▶ PROVIDED RECORDS:

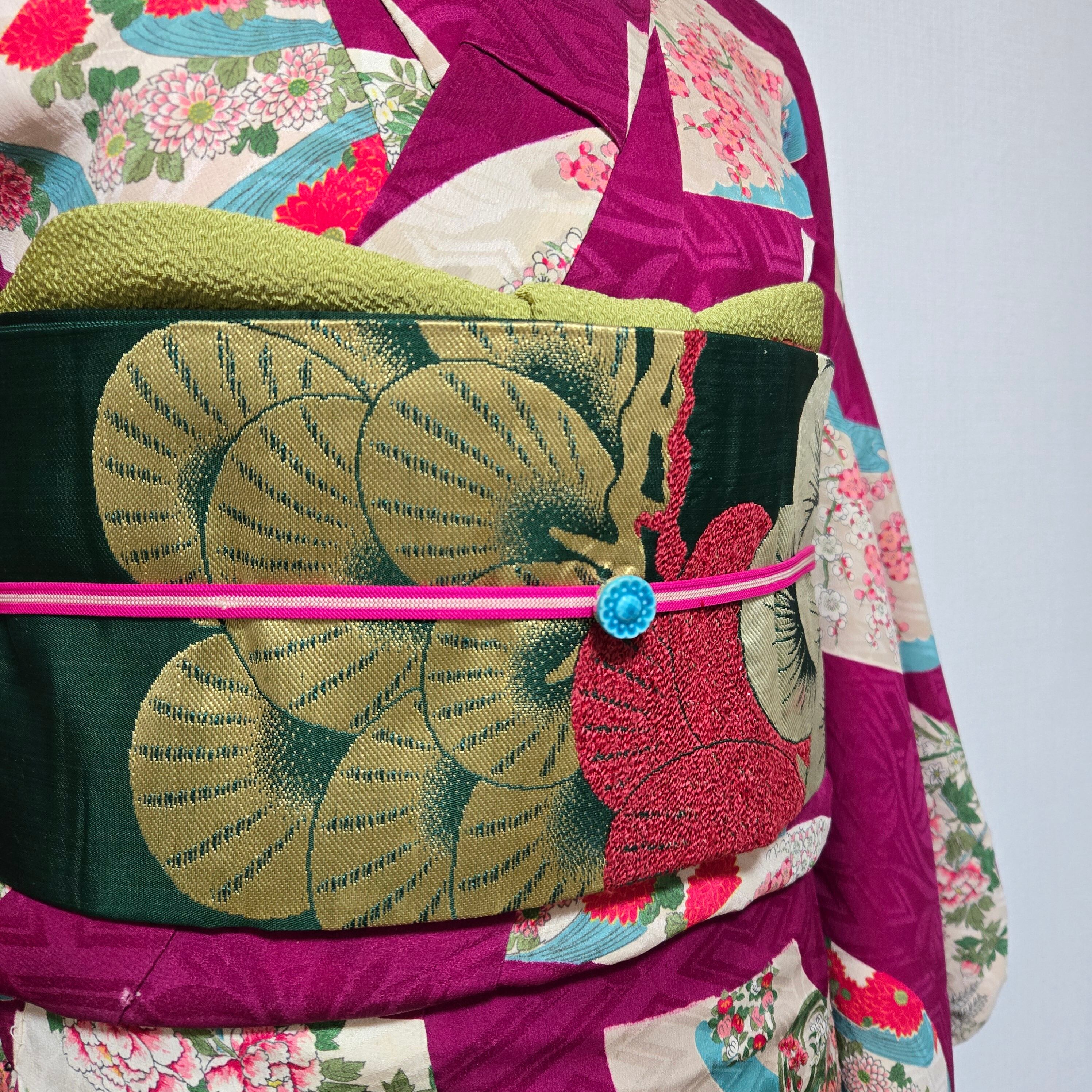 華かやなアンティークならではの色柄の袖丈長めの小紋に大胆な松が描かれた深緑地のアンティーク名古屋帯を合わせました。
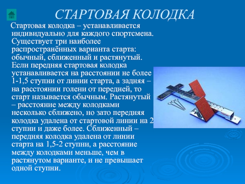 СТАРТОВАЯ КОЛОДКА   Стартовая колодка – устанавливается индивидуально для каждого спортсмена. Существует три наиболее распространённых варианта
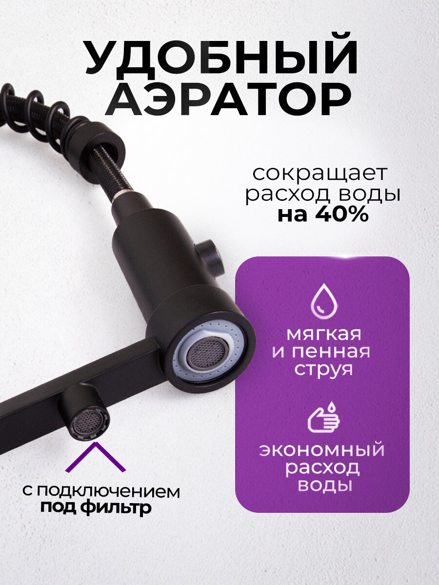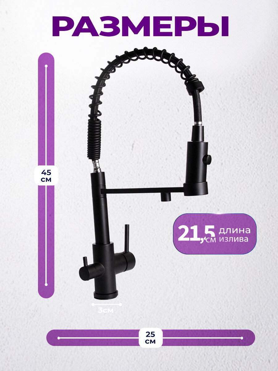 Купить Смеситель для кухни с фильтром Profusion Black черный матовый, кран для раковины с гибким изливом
---
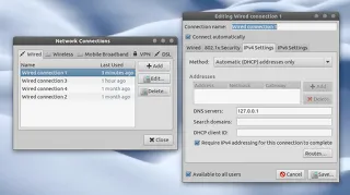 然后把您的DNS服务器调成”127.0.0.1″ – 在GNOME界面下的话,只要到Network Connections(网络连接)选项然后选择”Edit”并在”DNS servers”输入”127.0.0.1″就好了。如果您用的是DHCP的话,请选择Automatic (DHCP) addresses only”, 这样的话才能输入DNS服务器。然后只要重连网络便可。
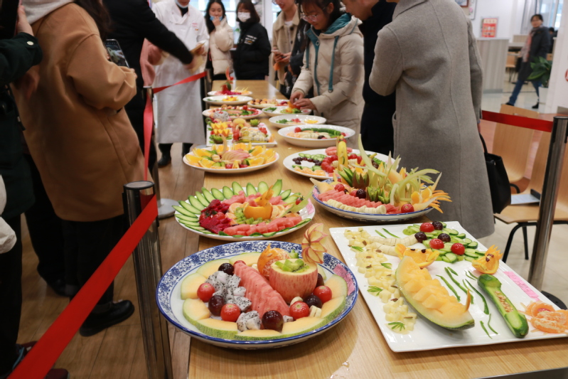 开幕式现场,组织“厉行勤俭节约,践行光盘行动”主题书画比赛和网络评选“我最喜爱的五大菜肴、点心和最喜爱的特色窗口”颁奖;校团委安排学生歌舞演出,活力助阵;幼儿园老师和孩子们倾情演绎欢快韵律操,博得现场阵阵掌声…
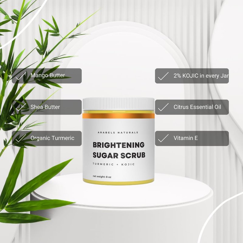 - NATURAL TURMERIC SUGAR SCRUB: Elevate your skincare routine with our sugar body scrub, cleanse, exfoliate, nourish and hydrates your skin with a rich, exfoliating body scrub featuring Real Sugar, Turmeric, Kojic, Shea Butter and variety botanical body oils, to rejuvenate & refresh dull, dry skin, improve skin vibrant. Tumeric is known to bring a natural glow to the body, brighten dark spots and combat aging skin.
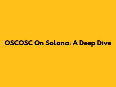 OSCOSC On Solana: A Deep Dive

▶ ABOUT THIS EXERCISE: Output exactly the lines above that lie between the line with "- NATURAL TURMERIC" and the line with "OSCOSC On Solana: A Deep Dive", those two lines included, and no pictures.

▶ RESPONSE TO THE TASK:
 - NATURAL TURMERIC SUGAR SCRUB: Elevate your skincare routine with our sugar body scrub, cleanse, exfoliate, nourish and hydrates your skin with a rich, exfoliating body scrub featuring Real Sugar, Turmeric, Kojic, Shea Butter and variety botanical body oils, to rejuvenate & refresh dull, dry skin, improve skin vibrant. Tumeric is known to bring a natural glow to the body, brighten dark spots and combat aging skin.
 OSCOSC On Solana: A Deep Dive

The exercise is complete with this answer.